Attached files

file filename
EX-99.1 - PRESS RELEASE - NASDAQ, INC.d455323dex991.htm

 

 

UNITED STATES

SECURITIES AND EXCHANGE COMMISSION

Washington, D.C. 20549

 

 

FORM 8-K

 

 

CURRENT REPORT

Pursuant to Section 13 or 15(d) of the

Securities Exchange Act of 1934

Date of Report (Date of earliest event reported): December 18, 2012 (December 12, 2012)

 

 

The NASDAQ OMX Group, Inc.

(Exact name of registrant as specified in its charter)

 

 

 

Delaware   000-32651   52-1165937

(State or other jurisdiction

of incorporation)

 

(Commission

File Number)

 

(I.R.S. Employer

Identification No.)

One Liberty Plaza, New York, New York   10006
(Address of principal executive offices)   (Zip code)

Registrant’s telephone number, including area code: +1 212 401 8700

No change since last report

(Former Name or Former Address, if Changed Since Last Report)

 

 

Check the appropriate box below if the Form 8-K filing is intended to simultaneously satisfy the filing obligation of the registrant under any of the following provisions:

 

¨ Written communications pursuant to Rule 425 under the Securities Act (17 CFR 230.425)

 

¨ Soliciting material pursuant to Rule 14a-12 under the Exchange Act (17 CFR 240.14a-12)

 

¨ Pre-commencement communications pursuant to Rule 14d-2(b) under the Exchange Act (17 CFR 240.14d-2(b))

 

¨ Pre-commencement communications pursuant to Rule 13e-4(c) under the Exchange Act (17 CFR 240.13e-4(c))

 

 

 


Item 1.01. Entry into a Material Definitive Agreement.

On December 12, 2012, The NASDAQ OMX Group, Inc. (“NASDAQ OMX”) executed and delivered a binding offer letter agreement (the “Letter Agreement”) to Thomson Reuters (Markets) LLC, a Delaware limited liability company (“TR Markets”), pursuant to which it agreed to purchase from TR Markets and Thomson Reuters Global Resources, an unlimited company organized under the laws of the Republic of Ireland (together with TR Markets, “Thomson Reuters”), and certain of their affiliates their investor relations, public relations and multimedia solutions businesses (the “Businesses”) for $390 million in cash, subject to certain adjustments, in an asset sale transaction (the “Proposed Transaction”).

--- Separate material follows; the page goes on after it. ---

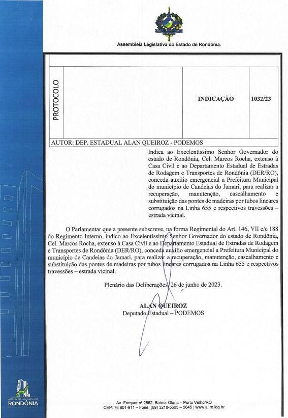 O deputado realizou o pedido ao governador de Rondônia, Cel. Marcos Rocha, para a utilização do auxílio emergencial para a prefeitura municipal de Candeias do Jamari. De acordo com Alan Queiroz, a revitalização das estradas possibilitam a elevação da qualidade de vida e fortifica o crescimento econômico do município.

The binding offer by NASDAQ OMX set forth in the Letter Agreement provides Thomson Reuters and its subsidiaries with a period of three months (which may be extended by an additional two months) to complete the consultation processes with relevant works councils, unions and other employee representatives regarding the Proposed Transaction required by certain of the non-U.S. countries in which the Businesses operate. Upon completion of this process, NASDAQ OMX expects Thomson Reuters will accept NASDAQ OMX’s offer and the parties will execute the asset purchase agreement in the form that is attached to the Letter Agreement (the “Asset Purchase Agreement”). In the event that Thomson Reuters does not accept the offer, it is required by the Letter Agreement to reimburse NASDAQ OMX for all of its costs and expenses relating to the Proposed Transaction, up to $3.9 million. The Letter Agreement provides that until the earlier of the execution of the Asset Purchase Agreement or October 12, 2013, whichever occurs earlier, Thomson Reuters is prohibited from soliciting proposals from, or negotiating with, third parties with respect to an alternative transaction involving the Businesses. In the event that Thomson Reuters breaches these restrictions, it is obligated to pay NASDAQ OMX liquidated damages of $11.7 million (in addition to the expense reimbursement described above) upon the occurrence of the earliest of the announcement of a proposed alternative transaction, the adoption of any agreement relating to any alternative transaction, or the consummation of an alternative transaction.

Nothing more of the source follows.